STORED DATA:

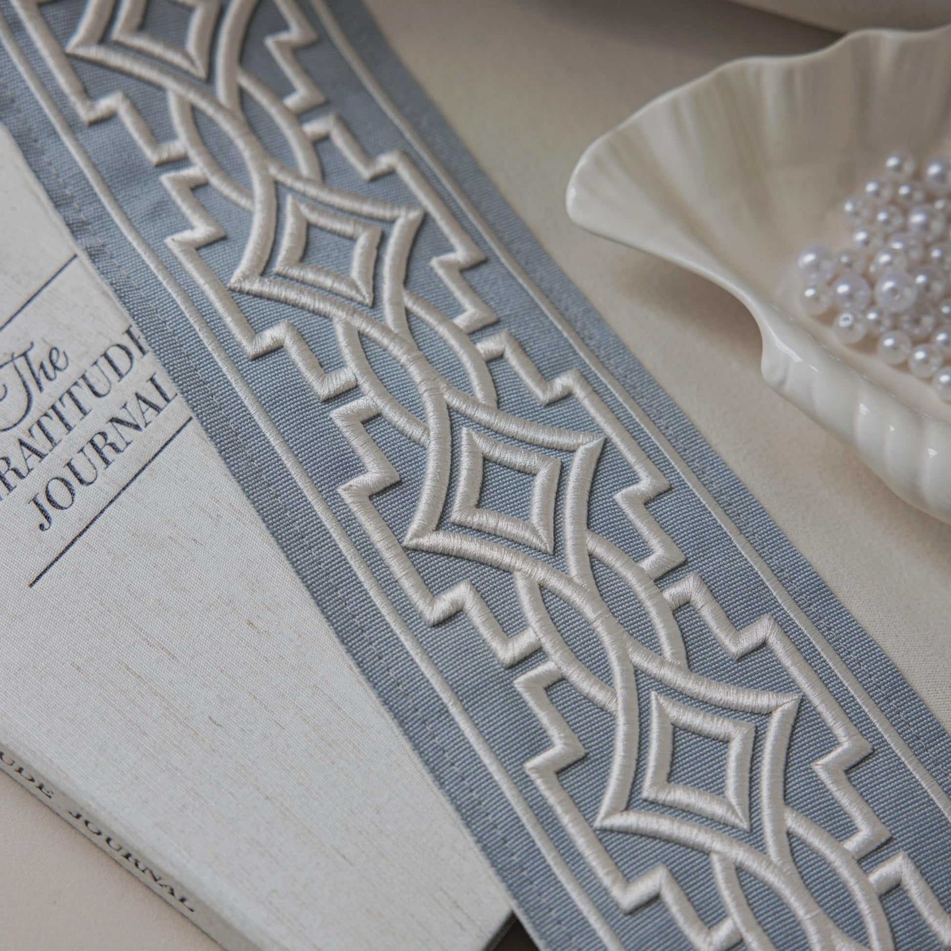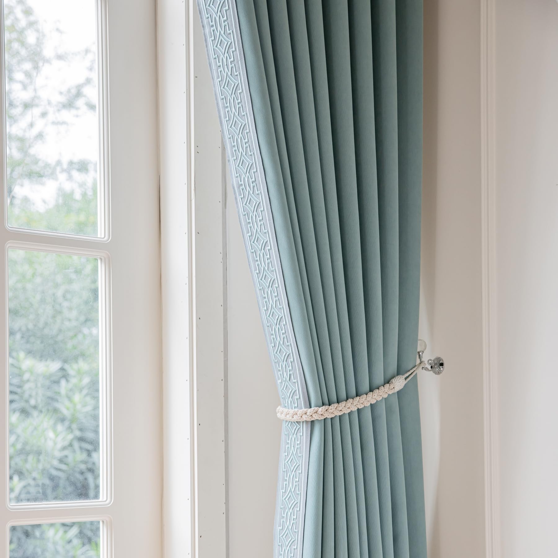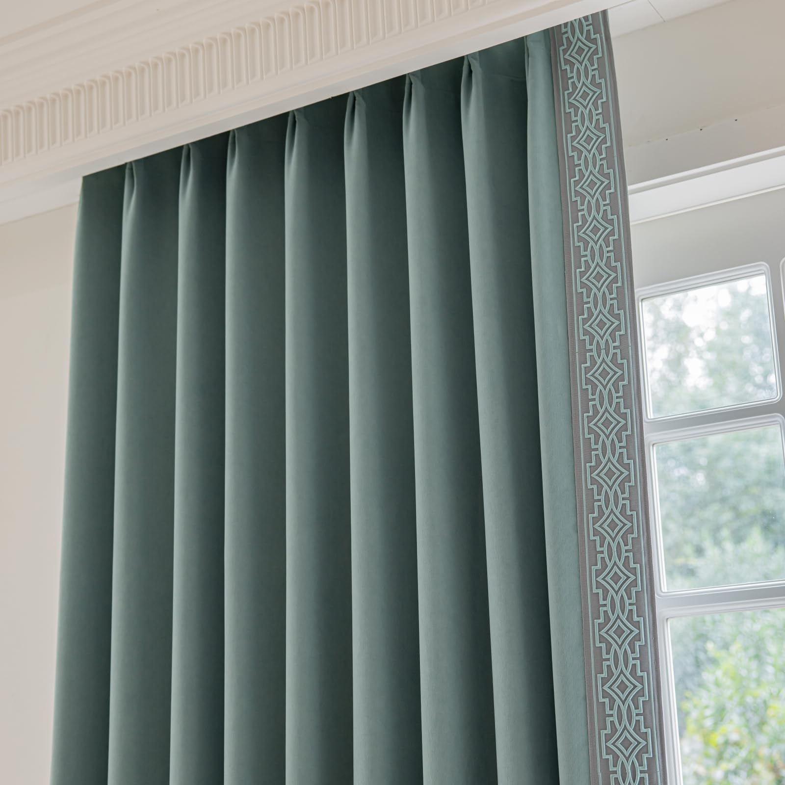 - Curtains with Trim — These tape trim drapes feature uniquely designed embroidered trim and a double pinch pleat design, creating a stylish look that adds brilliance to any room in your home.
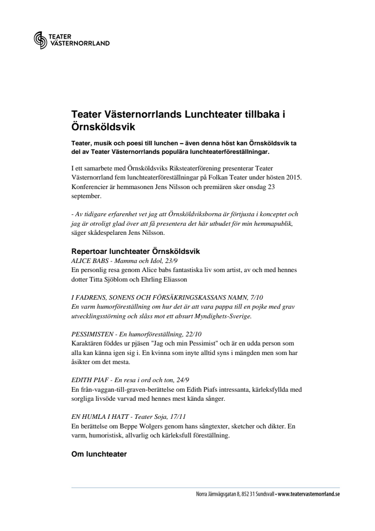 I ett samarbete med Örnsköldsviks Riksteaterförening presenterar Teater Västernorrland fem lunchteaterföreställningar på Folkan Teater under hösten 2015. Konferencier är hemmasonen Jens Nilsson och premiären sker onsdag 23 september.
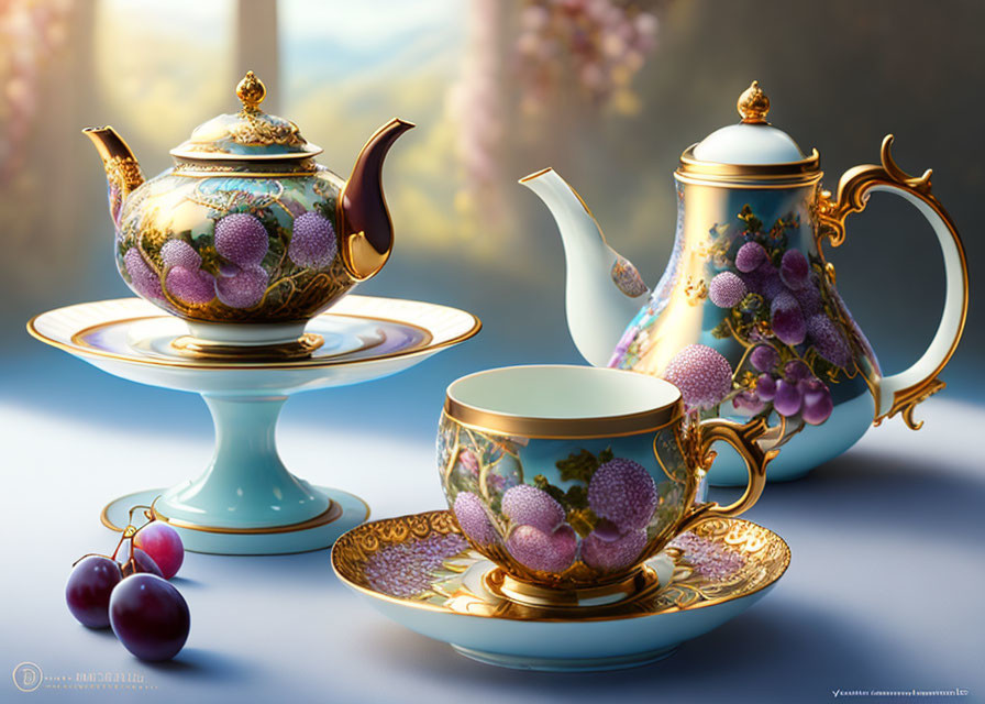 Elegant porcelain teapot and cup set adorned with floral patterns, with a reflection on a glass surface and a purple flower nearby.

WHAT THIS TASK INVOLVES:
From the first line to the last, retype the data above exactly, but not its images.

EXERCISE ANSWER:
 - Curtains with Trim — These tape trim drapes feature uniquely designed embroidered trim and a double pinch pleat design, creating a stylish look that adds brilliance to any room in your home.
 I ett samarbete med Örnsköldsviks Riksteaterförening presenterar Teater Västernorrland fem lunchteaterföreställningar på Folkan Teater under hösten 2015. Konferencier är hemmasonen Jens Nilsson och premiären sker onsdag 23 september.
 Elegant porcelain teapot and cup set adorned with floral patterns, with a reflection on a glass surface and a purple flower nearby.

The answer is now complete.